Jerome sighs, glancing around. "It's not like anything. It's just… nothing. Empty."
"That sounds awful."
"Well, I'm trying to avoid round two for as long as I can."

I press my hand against my forehead. It comes away bloody. "I'll have double face scars now."
"Join the club." He chuckles.
"Nah, I'll look after mine and they'll look cool."
He gasps in mock offence. "Are you saying my scars don't look cool?"
"You look like Frankenstein's monster gone wrong."
"That's harsh."
"It's true though."
"You wound me, Harls."
"I think you'll find you're usually the one doing the wounding, thank you very much. It's only fair I get a turn once in a while." I smirk at him.

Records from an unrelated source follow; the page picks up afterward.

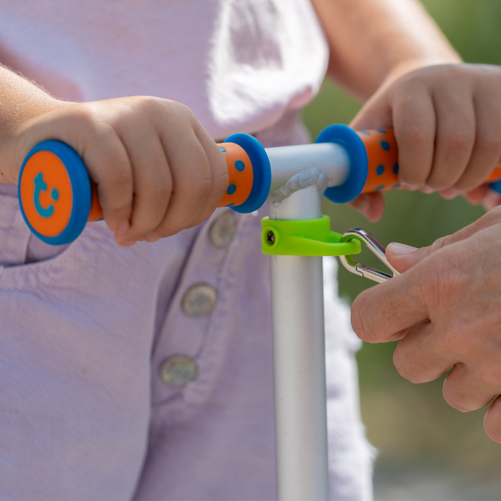 • Curea pentru tractare si transport - trotineta poate fi transportata cu usurinta, agatata de carucior sau pusa pe umar. Cureaua este utila in timpul procesului de invatare sau cand copiii obosesc.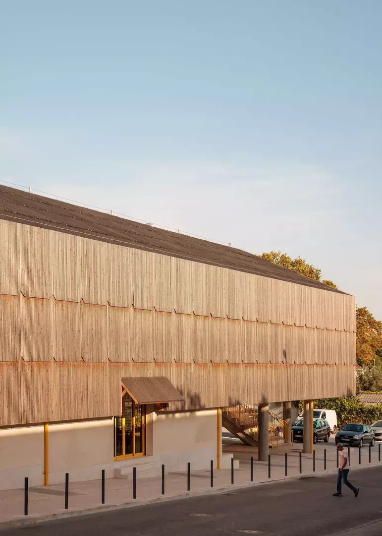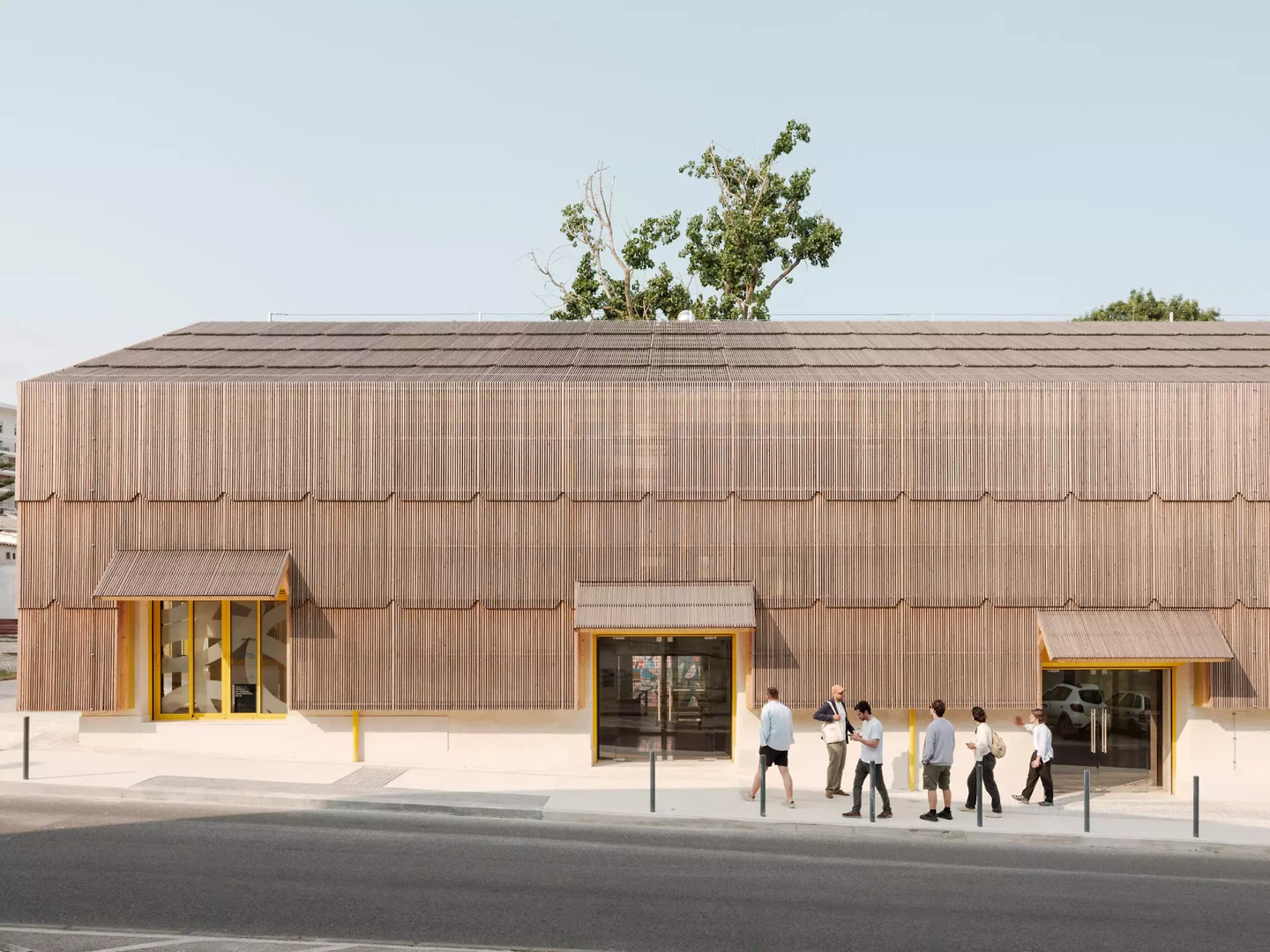 Die Projektvorgaben sahen die Unterbringung aller bestehenden Händler vor, was zu einem partizipativen Prozess auf Basis von Interviews, Analysen und Präsentationen innerhalb der Gemeinschaft führte. Dieses Engagement prägte das Konzept: Die bestehenden Hauptwände wurden erhalten, während polyvalente Bereiche und Infrastrukturen eingeführt wurden. Diese Transformation ermöglichte eine Erweiterung des Raumprogramms nach oben, wobei das erste Obergeschoss Läden beherbergt, die sich zu einer Terrasse öffnen. Dort fördern Aussenbereiche und urbane Landwirtschaftsmodule den Dialog zwischen Konsum und lokaler Produktion. Zwei Treppenanlagen an den Enden des Gebäudes schaffen eine Schleife – einen kontinuierlichen Rundgang, der beide Geschosse verbindet. Gleichzeitig ermöglichen die geneigte Topografie und eine Rampenanlage auf der Terrasse den Zugang zu allen Ebenen. Die Aufwertung der Markthalle wird durch ein überdimensioniertes Holzdach verstärkt, das die Geometrie der ursprünglichen Struktur erweitert. Es trägt die hängenden Ladenvolumen und definiert eine Galerie entlang der Terrasse. Nach Süden hin bildet die Auskragung des Daches einen neuen Lichthof, der temporäre Märkte, Street Art und gemeinschaftliche Veranstaltungen aufnehmen kann.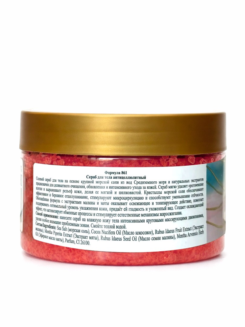 Солевой скраб для тела на основе крупной морской соли из вод Средиземного моря и натуральных экстрактов предназначен для деликатного очищения, обновления и интенсивного ухода за кожей. Скраб мягко удаляет ороговевшие клетки и выравнивает рельеф кожи, делая ее мягкой и шелковистой. Кристаллы морской соли обеспечивают эффективное и бережное отшелушивание, стимулируют микроциркуляцию и способствуют уменьшению отёчности. Обогащённая формула с экстрактами малины и мяты оказывает освежающее и тонизирующее действие, помогает поддерживать оптимальный уровень увлажнения кожи, придаёт ей гладкость и ухоженный вид. Cоздает охлаждающий эффект, что активизирует обменные процессы и стимулирует естественные механизмы жиросжигания.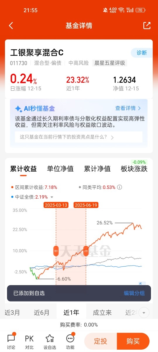 综合来看,工银聚享混合C基金的量化 + 固收策略,既能把握市场机会,又能控制回撤风险,尤其适合震荡市或不确定性较高的环境。@工银瑞信基金 $工银聚享混合C$
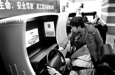 昨天,东直门街道总工会组织辖区非公企业工会主席和职工体验安全驾驶。工会负责人表示,两节期间,不少职工走亲访友免不了聚会喝酒,此时安全驾驶意识尤为重要。通过这项活动,希望职工熟悉驾驶技巧,树立安全出行的意识。本报记者 边磊 万玉藻 摄影报道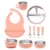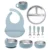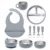 • Mess control: Silicone bib and cup reduce spills and stains during meals.
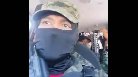 En el clip, cinco hombres en una camioneta con gorras que los identifican como miembros del grupo criminal posan con armas largas al tiempo que amenazan con matar a ladrones y secuestradores y a sus parientes.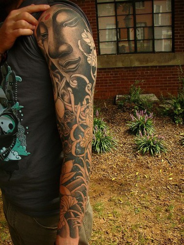 手臂黑灰佛像花卉纹身图案
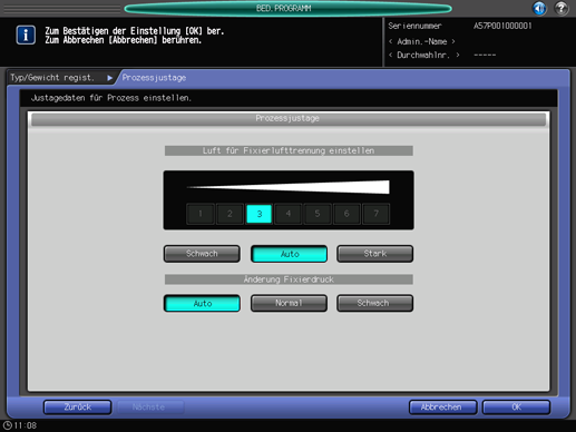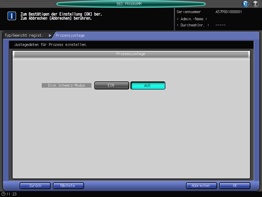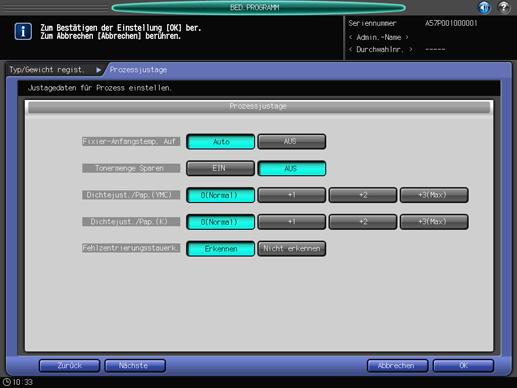 "Prozessjustage" wird nicht standardmäßig angezeigt. Wenn Sie die Prozessjustage in der Papiereinstellung verwenden möchten, wenden Sie sich an den Servicetechniker.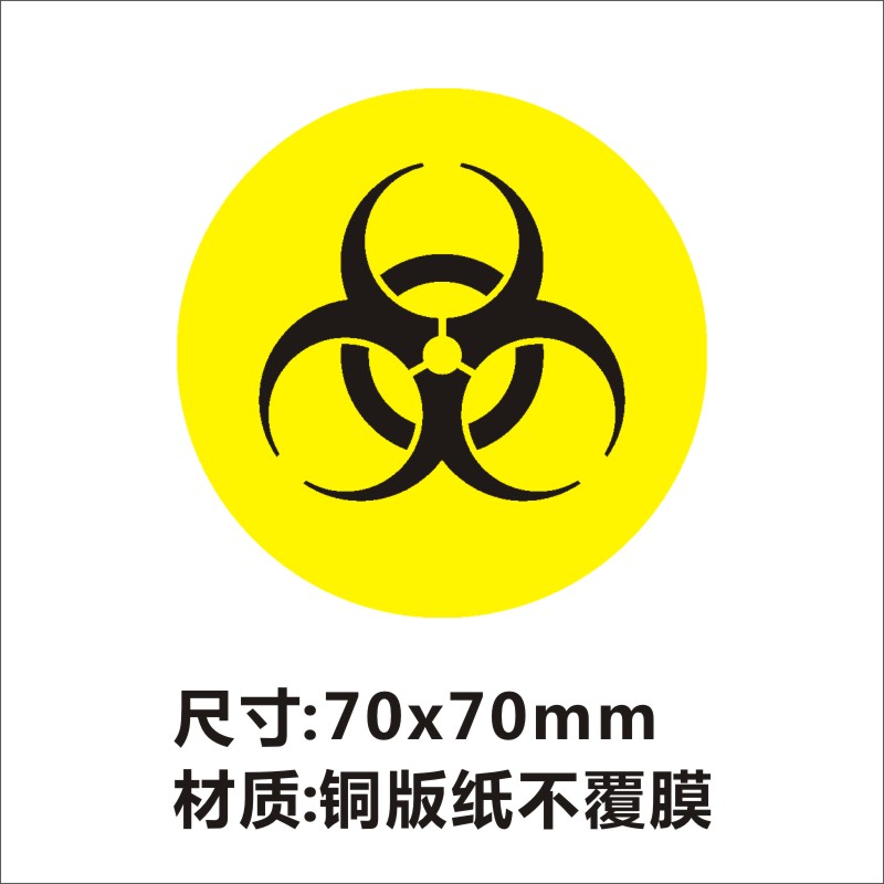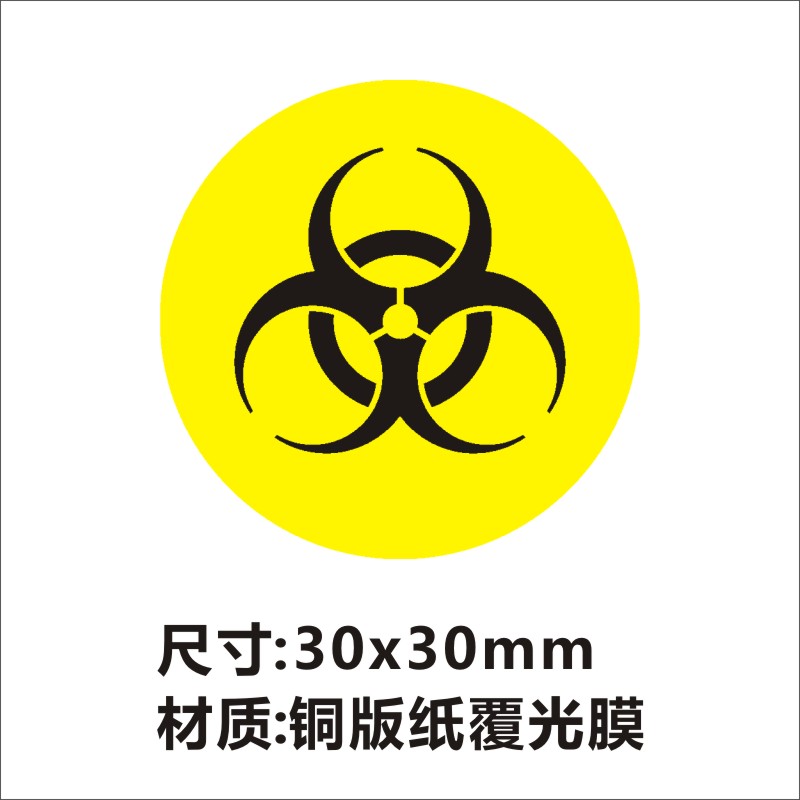 生化标志标签贴贴纸不干胶标签印刷圆形危机警示生化危险可定制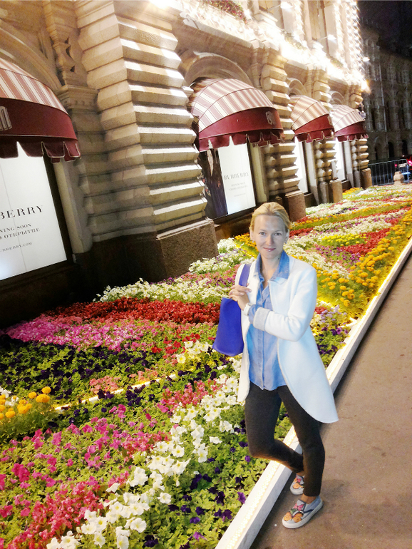 В каком же красивом городе мы живем! На Красной площади вокруг ГУМа высалили цветы, всюду яркая подсветка. На Камергерском и Кузнецком вовсю кипит ночная жизнь, не нашли ни одного свободного столика. Но и просто прогуляться с любимым за руку - большой удовольствие.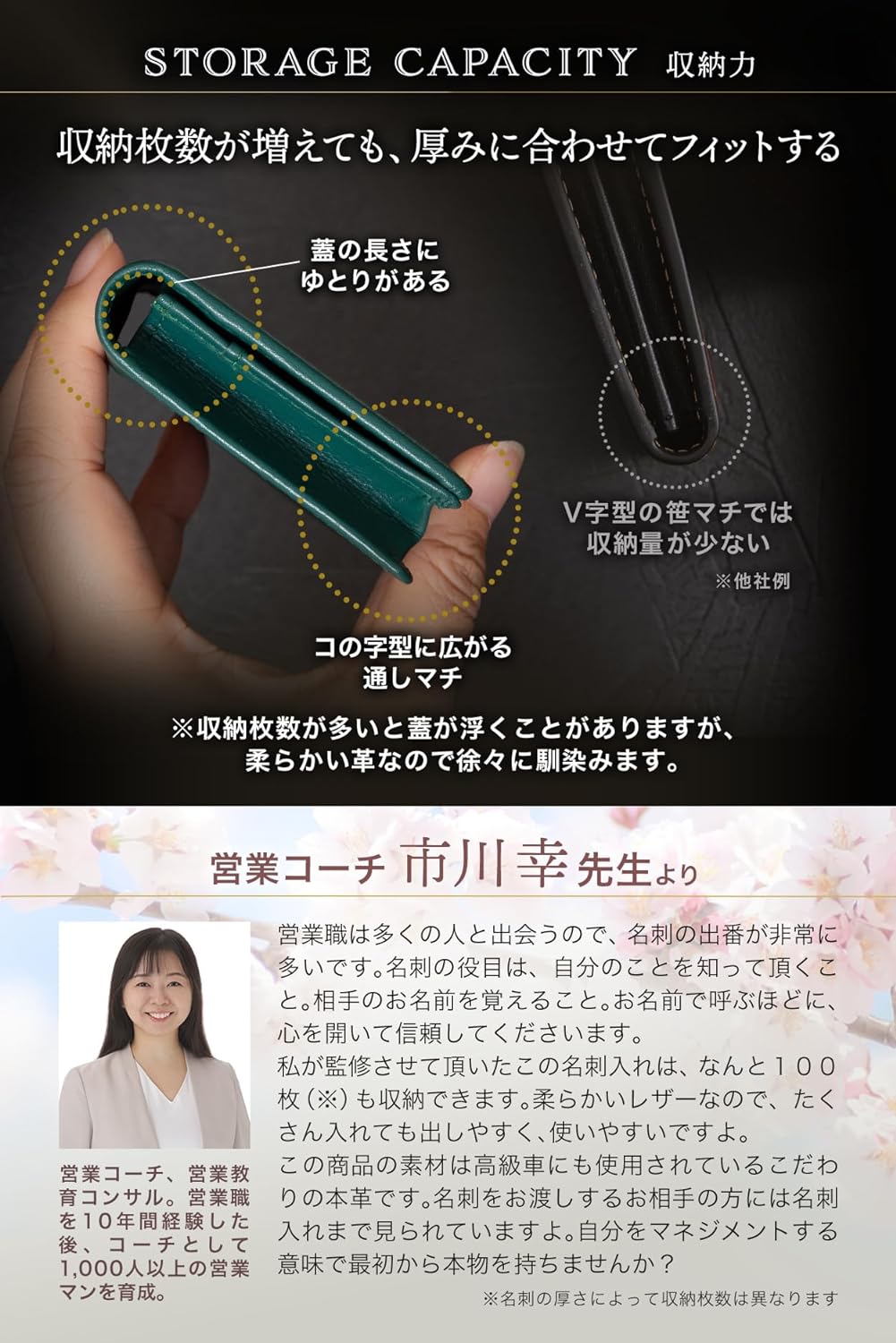 - 【特徴】「営業職に贈る大容量名刺入れ」は、これまでに1000人以上の営業職を育成してこられた、営業コーチの市川先生に監修して頂きました。化粧箱付属でギフトラッピングにも対応しているので、ギフトに最適!

The levity disappears quickly when we hear voices calling to each other.

"Here's the bike!"
"They're not here!"

"Shit." Jerome hisses. We move as one, hurrying forward as silently as possible. They don't seem to be too close. Yet. We're both limping as we make our way through the trees. But the pain now won't matter if they find us. "Wait." Jerome's voice is barely a whisper as he throws an arm in front of me. Ahead of us. A man in leather. Flashlight in one hand, gun in the other. Jerome acts on instinct. Before I can process what's happening I'm pressed against a tree by his body. He holds a finger to his lips. I nod. Slowly, I raise my arm and pull his hood over the shock of ginger hair.

Our hearts beat as one. Eyes fixed on each other. Breath mingling. My hand hasn't moved from his hood. My wrist rests on his shoulder.

The moment feels endless.

There's a sigh from behind the tree. The man is walking away. But Jerome isn't moving. And neither am I. We're frozen here, together, separate from the world. For once free from everything else. I'm not scared. Fear doesn't mean anything anymore. Jerome's eyes flicker to my lips, and mine imitate him. It seems like the only thing to do.

The sound of cars driving away makes me jump. The spell is broken. Jerome pulls back, leaving the space around me suddenly empty and incomplete.
"We should go." I manage to speak. He nods, and I lead us away from the tree, from that moment suspended in time.